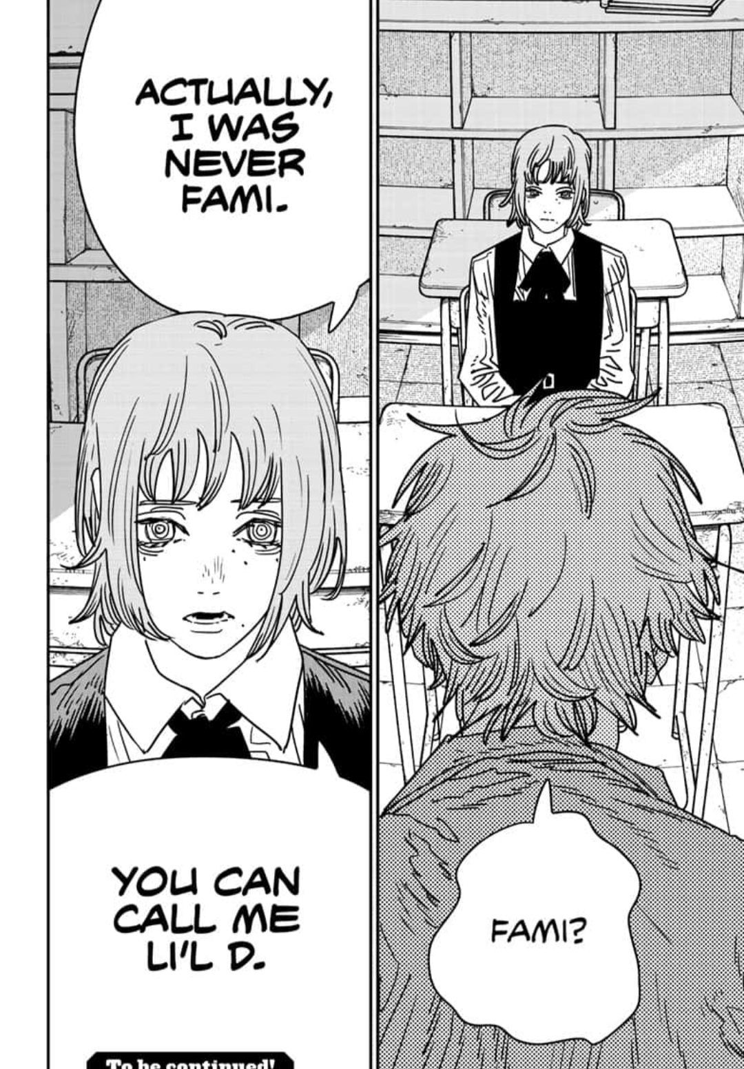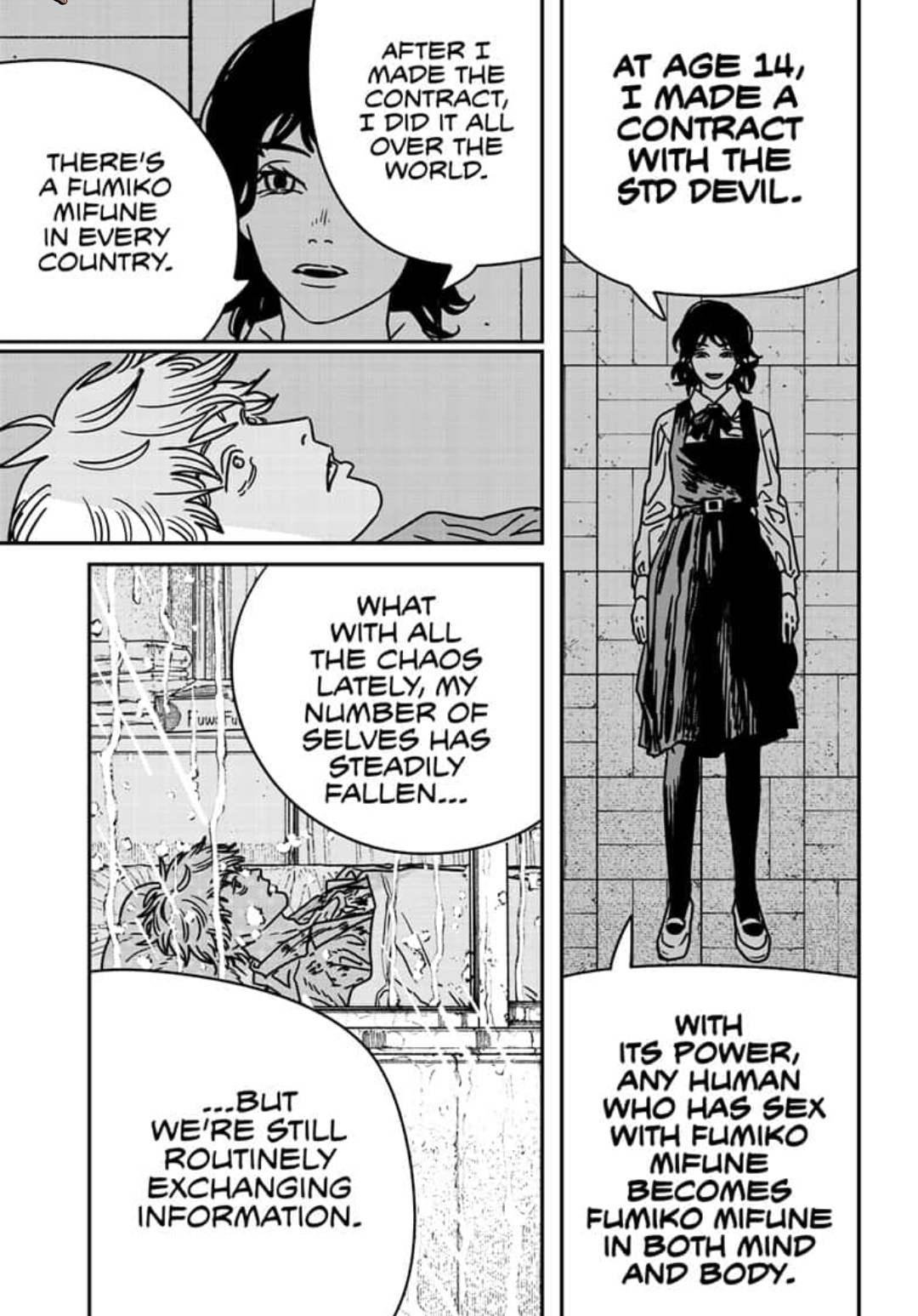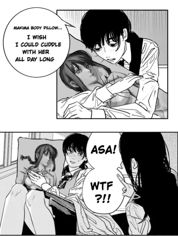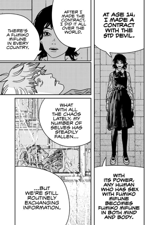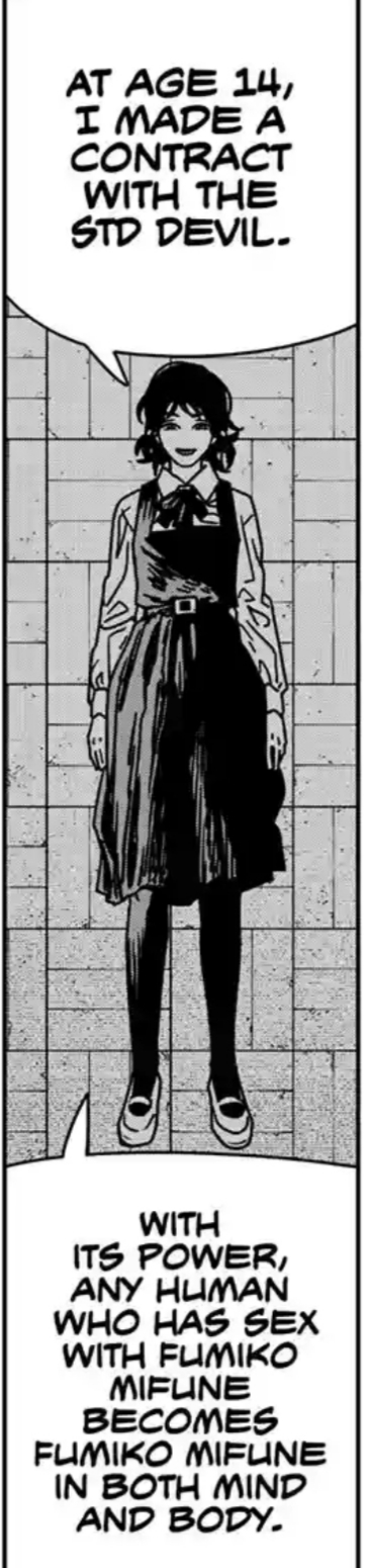 Стоп, то есть Йошида и Фумико знали, что Фами это мама Смерть? Ещë в какой-то главе Фумико проговорилась Денджи, что слежка за ним велась даже в толчке, а он от этого бахнул, ибо дрочит там У них типа есть какой-то девил способный находиться внутри физических объектов/давать маскировку?
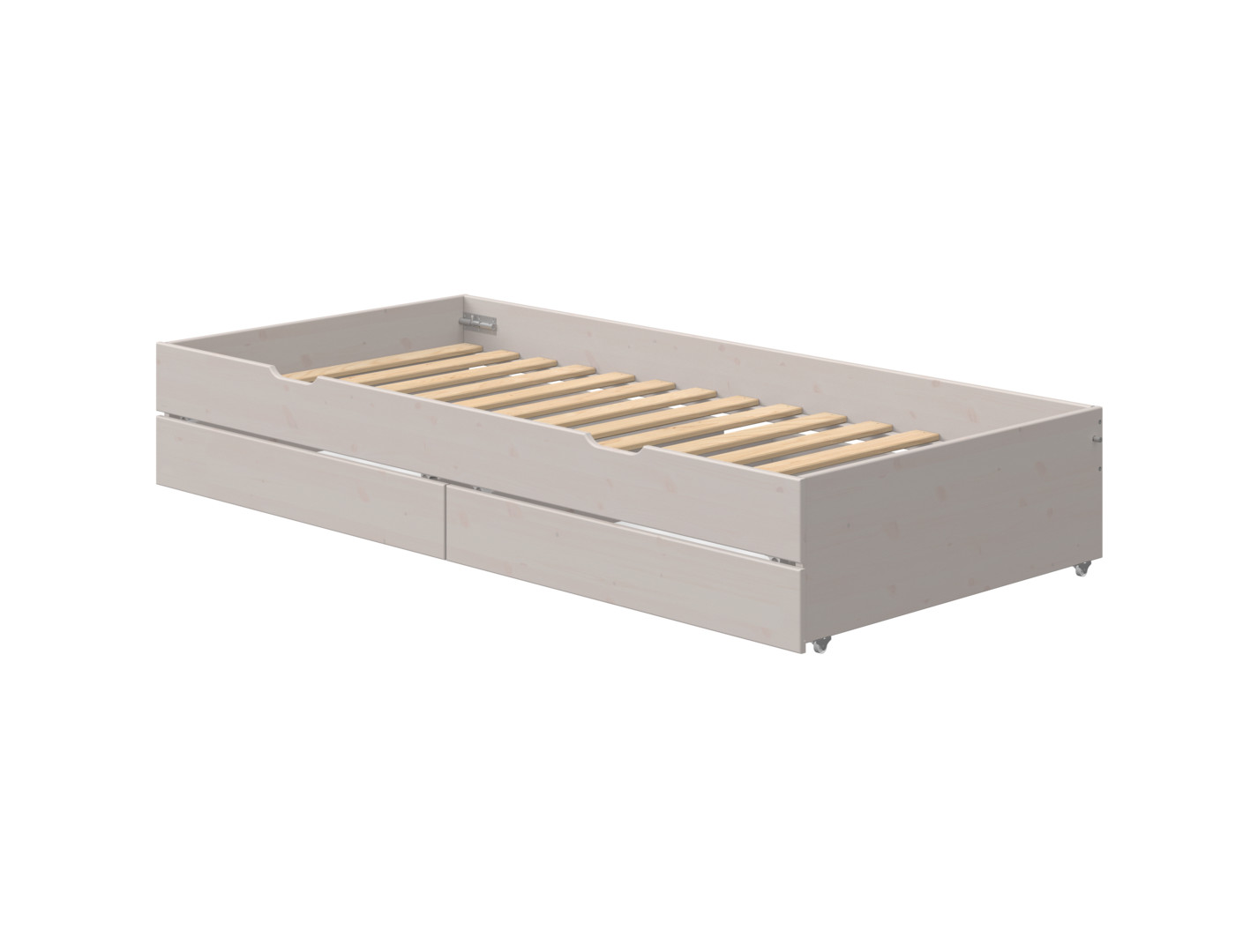 Ausziehbett mit 2 Schubladen. Inkl. Verlängerungspfosten und Laufrollen. Passend zum Classic Bett. Matratzenhöhe max. 12 cm. Matratzengröße=90x190 cm
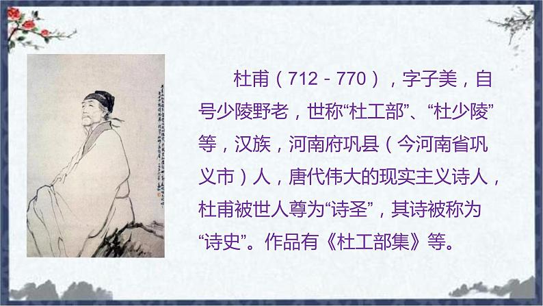 杜甫(712-770),字子美,自号少陵野老,世称“杜工部”、“杜少陵”等,汉族,河南府巩县(今河南省巩义市)人,唐代伟大的现实主义诗人,杜甫被世人尊为“诗圣”,其诗被称为“诗史”。作品有《杜工部集》等。
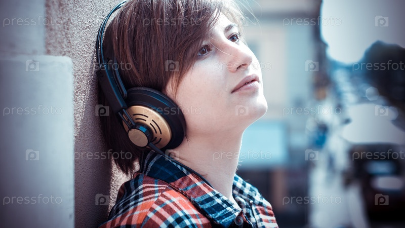Молодая женщина-хипстер слушает музыку
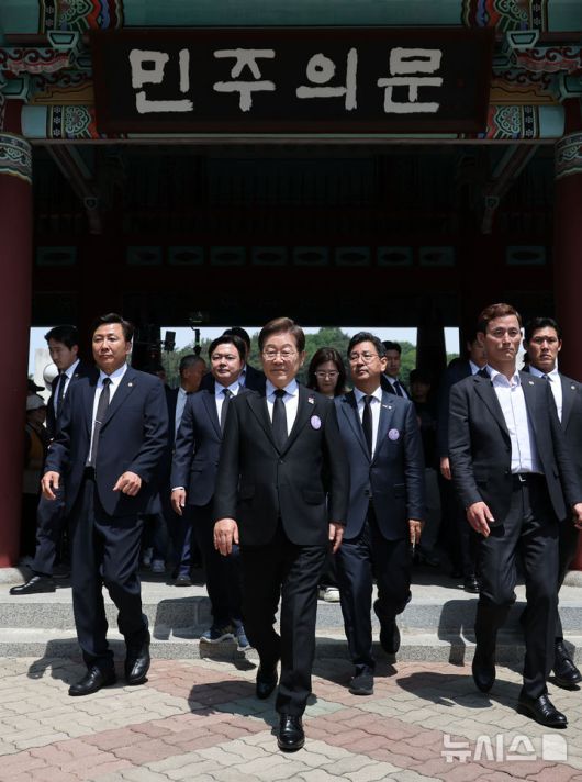 [광주=뉴시스] 조성우 기자 = 이재명 더불어민주당 대선후보가 18일 광주 북구 운정동 국립5·18민주묘지에서 열린 제45주년 5·18민주화운동 기념식에 참석한 후 이동하고 있다. 2025.05.18. xconfind@newsis.com |
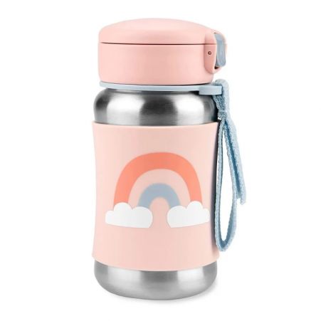 - 瓶身帶有易抓矽膠套,彈出式杯蓋,柔軟的吸管極易吸吮,配有鉤環抓帶可固定在任何物品上
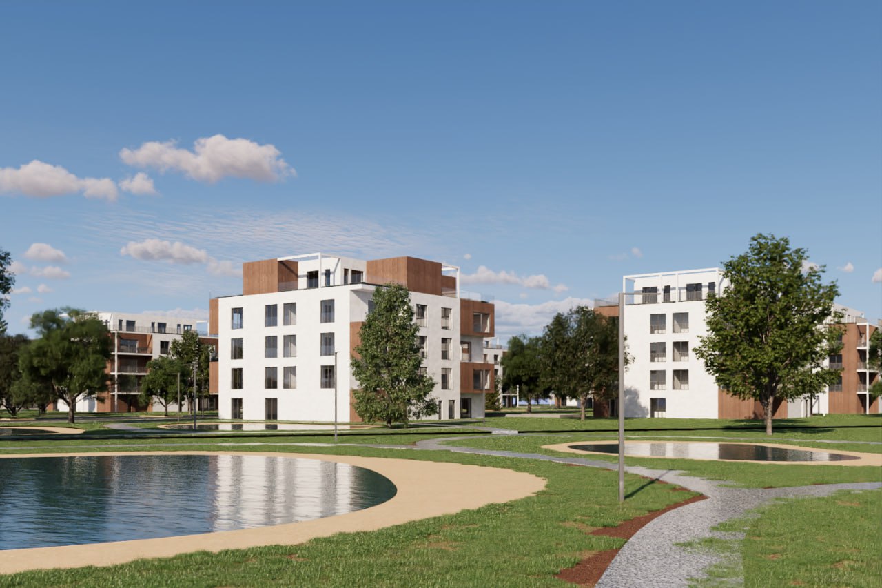 add realistic lighting with a bright sunny daytime atmosphere blue sky with a few clouds and realistic vegetation including green trees bushes and grass use natural textures for facades modern windows and detailed shadows include realistic materials like plaster concrete and wood

☆ ☆ ☆ ☆ ☆ ☆ ☆

### TASK STATEMENT
The line containing "Молодая женщина-хипстер слушает музыку" and every line after it, through the end of the records, are what you should retype exactly. Do not include the pictures.

### YOUR RESPONSE
Молодая женщина-хипстер слушает музыку
 [광주=뉴시스] 조성우 기자 = 이재명 더불어민주당 대선후보가 18일 광주 북구 운정동 국립5·18민주묘지에서 열린 제45주년 5·18민주화운동 기념식에 참석한 후 이동하고 있다. 2025.05.18. xconfind@newsis.com |
 - 瓶身帶有易抓矽膠套,彈出式杯蓋,柔軟的吸管極易吸吮,配有鉤環抓帶可固定在任何物品上
 add realistic lighting with a bright sunny daytime atmosphere blue sky with a few clouds and realistic vegetation including green trees bushes and grass use natural textures for facades modern windows and detailed shadows include realistic materials like plaster concrete and wood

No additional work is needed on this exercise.